Forbes magazine defined data lake by comparing it to a data warehouse: "The difference between a data lake and a data warehouse is that the data in a data warehouse is pre-categorized at the point of entry, which can dictate how it's going to be analyzed." Data hub is a term used by various big data vendors.  In a recent tweet, Clarke Patterson summarized it as follows: data lake = storage + integration; and data hub = data lake + exploration + discovery + analytics. A data reservoir is a well-managed data lake.

All three architectures have in common that data from many sources is copied to one centralized data storage environment. After it has been stored in the data lake (or hub or reservoir), it's available for all business purposes such as integration and analysis. The preferred technology for developing all three is Hadoop. The reason that Hadoop is selected is, firstly, because its low price/performance ratio makes it attractive for developing large scale environments, and secondly, it allows raw data to be stored in its original form and not in a form that already limits how we can use the data later on.

In principle, there is nothing wrong with idea of making all data available in a way that leaves open any form of use, but is moving all the data to one physical data storage environment implemented with Hadoop the smartest alternative?

We have to remember that Hadoop's primary strength and from which it derives its processing scalability, is that it pushes processing to the data, and not vice versa as most other platforms do. Because it's not pushing the data to the processing, Hadoop is able to offer high levels of storage and processing scalability.

Now, isn't this inconsistent with the data lake, data hub, and data reservoir architectures?

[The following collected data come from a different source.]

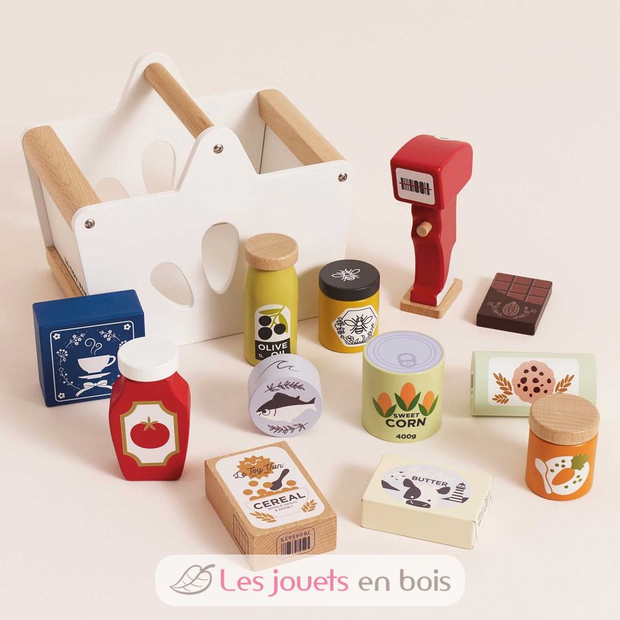 Questo set per la spesa del marchio Le Toy Van comprende un cestino in legno, 11 accessori per la spesa e uno scanner per codici a barre.
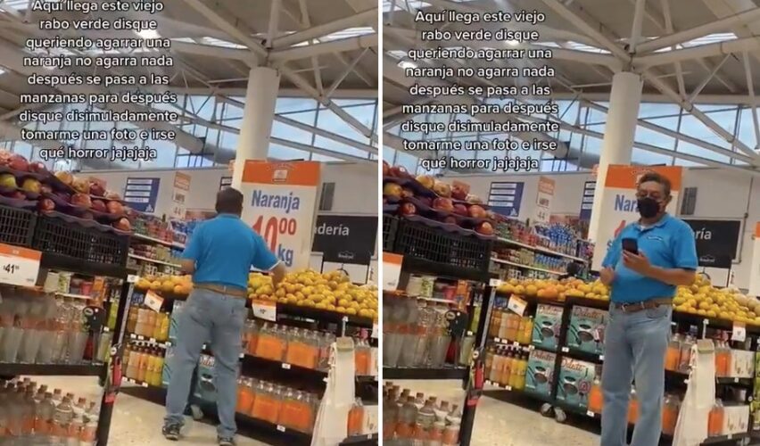“Aquí llega este viejo rabo verde disque [sic] queriendo agarrar una naranja, no agarra nada, después se pasa a las manzanas, para después disimuladamente tomarme una foto e irse, qué horror”, describió la chica en el video.
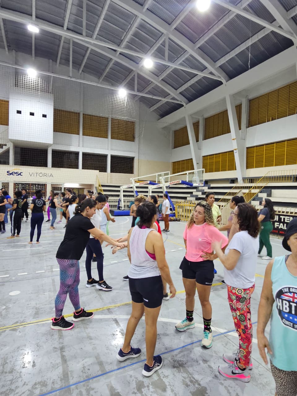 Nesta segunda-feira (25), o ginásio do Sesc Vitória foi palco de uma aula-show de defesa pessoal emocionante, ministrada pela faixa-preta Aline Rodrigues, especialista em Krav Maga e treinamento funcional, que reuniu mais de 50 mulheres para uma experiência única e empoderadora.

On one hand we have, for example, the data lake in which all the data is pushed to a centralized data storage environment for processing, and on the other hand, we deploy Hadoop technology, which shines when processing is pushed to the data.

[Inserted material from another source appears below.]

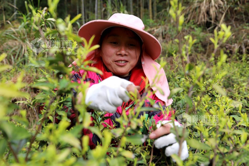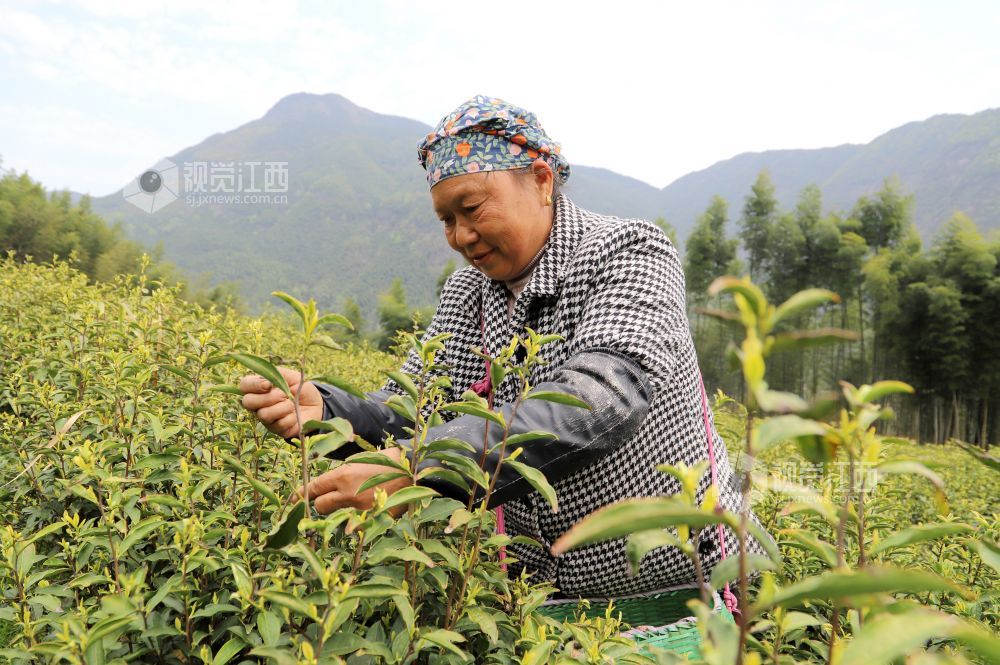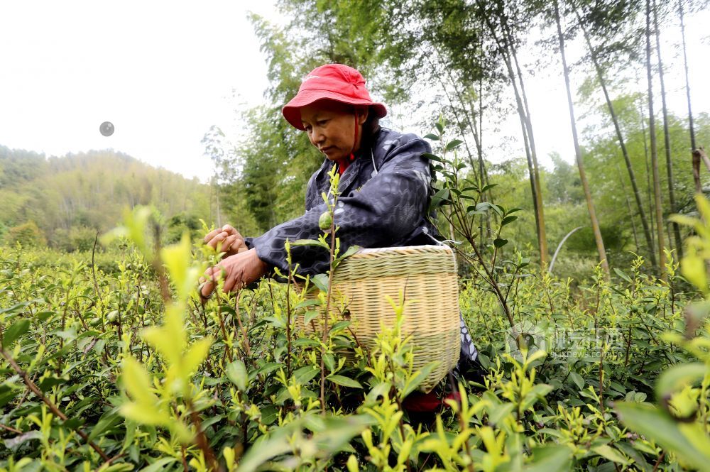 2023年4月24日,江西省吉安市安福县章庄乡湖溪村村民在采茶。
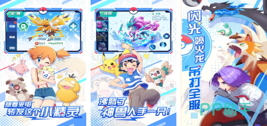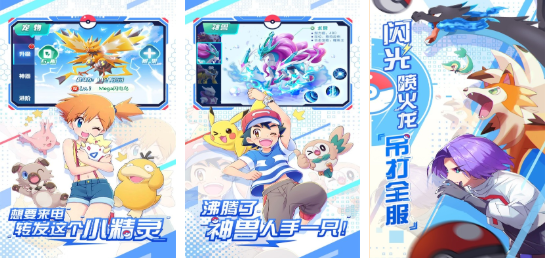 这是一款融合初代宝可梦元素的卡牌对战手游,战斗特效华丽,粒子效果细腻。游戏中完整呈现宝可梦从初始形态到最终形态的进化全过程,动画制作精良,各阶段外形与技能均有显著差异,视觉冲击力强。副本与竞技场玩法区分明显,玩家可根据区域设定灵活调整策略,提升探索自由度。

Shouldn't we come up with architectures that are more in line with the fundamental design concept of Hadoop itself, namely architectures where processing (integration and analysis) is pushed to the systems where the data originates (where the data is entered and collected)?

What is needed are systems that make applications and users think that all data is centralized and that all can be freely analyzed. This also avoids massive and continuous data movement exercises and avoids duplicate storage of data. In other words, we need virtual data lakes, virtual data hubs and virtual data reservoirs. Such architectures would be much more in line with Hadoop, which is based on pushing processing to the data. Maybe we should open this discussion first before we recommend organizations to invest heavily in massive data lakes in which they may drown.


Posted May 19, 2014 12:48 AM
Permalink | No Comments |
We all know and understand dashboards. Dashboards consist of visual components in the form of gauges, graphs, pie charts, bar charts, heat maps, and so on, allowing business users to get a quick overview of key performance indicators (KPI).

I thought that we had seen it all with respect to dashboards and that nothing new could be invented. Wrong! Newcomer VisualCue has surprised me completely. This tools supports a new way of presenting KPIs with dashboards, and a new way of working with them.

Besides the more traditional visual components, the key visual component in VisualCue is a tile. In a tile various icons can be used to show multiple KPIs of a process or object. Each icon represents a KPI. A tile can represent, for example, a call center agent, a truck driver, a flight, a hotel, or a project. Heavy use is made of colors to indicate the state of the KPI, and thus the object. The icons can be designed by the customer or they can be selected from a long predefined list.

By showing many tiles next to one each other, business users can see the states of numerous objects or processes at a glance. In other words, the tiles make it possible for business users to see and process a lot of detailed data at a single glance. There is no need to aggregate data which always leads to hiding data, and hiding data can lead to missing opportunities or possible problems. So, with tiles users will see the wood for the trees.

The tiles are dynamic. They can be classified and grouped based on characteristics, for example, call center operators can be grouped based on reached business goals. Business users can also do drill downs on the tiles, showing even more details. And that's where this product really shines.

Again, I thought I had seen everything with respect to dashboards, but clearly I was wrong. The product is still very young, so it still has to proof itself in large, real life projects. But I recommend to check out VisualCue anyway.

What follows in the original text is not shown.